Capital market yields on both sides of the Atlantic likely to tend moderately higher over the year

The European monetary watchdogs have meanwhile returned from their summer breaks and confirmed the direction of monetary policy. Starting in October, monthly bond purchases under the ECB’s asset purchasing programme (APP) are to be reduced to EUR 15bn, with net new purchases expected to be concluded by the end of the year. Even if this means that the European central bankers are taking another small step towards monetary normality, the monetary stimulus is still far-reaching. The ECB’s forward guidance shows that key interest rate hikes are not an issue for the time being. We only expect the ECB to allow the deposit rate to carefully head upwards over the year as a whole. We do not envisage the first „real“ interest rate hike being made before the end of next year at the very earliest.

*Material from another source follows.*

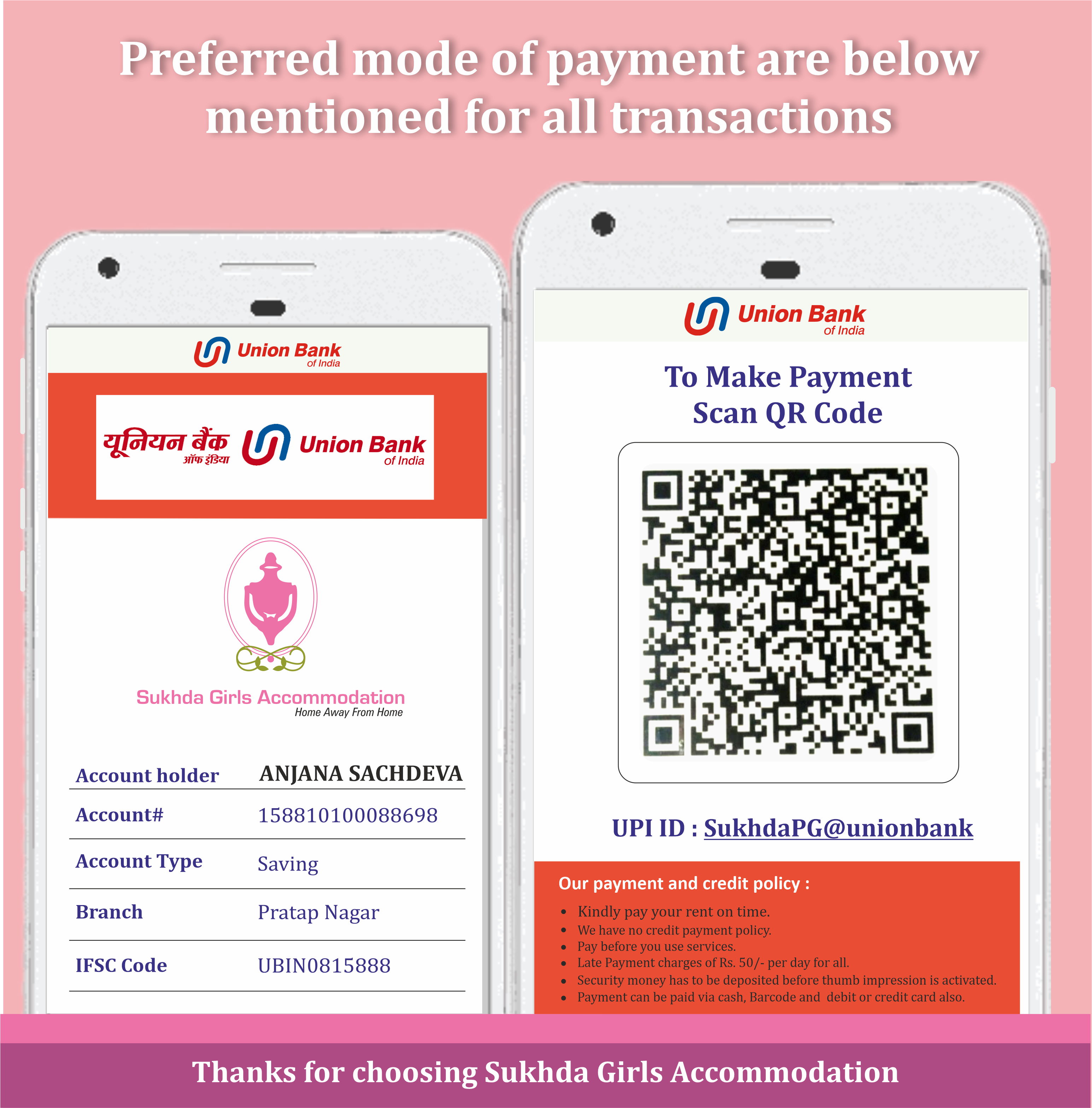 Rent can be paid via bank transfer, UPI, or in cash. Please ensure timely payment by the [due date] of each month. Rs 50/day late fee charge applicable.

While the ECB monetary watchdogs are clearly finding it hard to seriously depart from their ultra-expansionary monetary policy, their US counterparts are striding ahead in this context. We expect a total of four interest rate hikes of 25 basis points each by the middle of next year. At between 2.75% and 3.00%, the US Federal Reserve should then have reached a neutral key interest rate level at which monetary policy has neither a stimulating nor a dampening impact on the US economy. The Fed officials should pause here for a while and assess how the increases made so far have impacted the US economy. We generally expect the growth boost for the US economy triggered by the tax cuts to continue well into the coming year. After a break, the US monetary authorities could decide to make a further interest rate increase at the end of 2019.

Ten-year capital market yields on both sides of the Atlantic have risen slightly in recent weeks. Over a three month horizon, however, we could well envisage them trending lower again. The Italian budget dispute and the smouldering trade conflict have the potential to create further uncertainty among investors. In conditions of this kind, demand for debt securities is likely to be brisk again. In the longer term, however, we expect longer-term yields to trend moderately upwards both in the United States and in the euro zone. The prospect of an increase in the ECB’s deposit rate should boost Bund yields, especially in the second half of 2019. At the end of next year, the 1% mark will move within reach.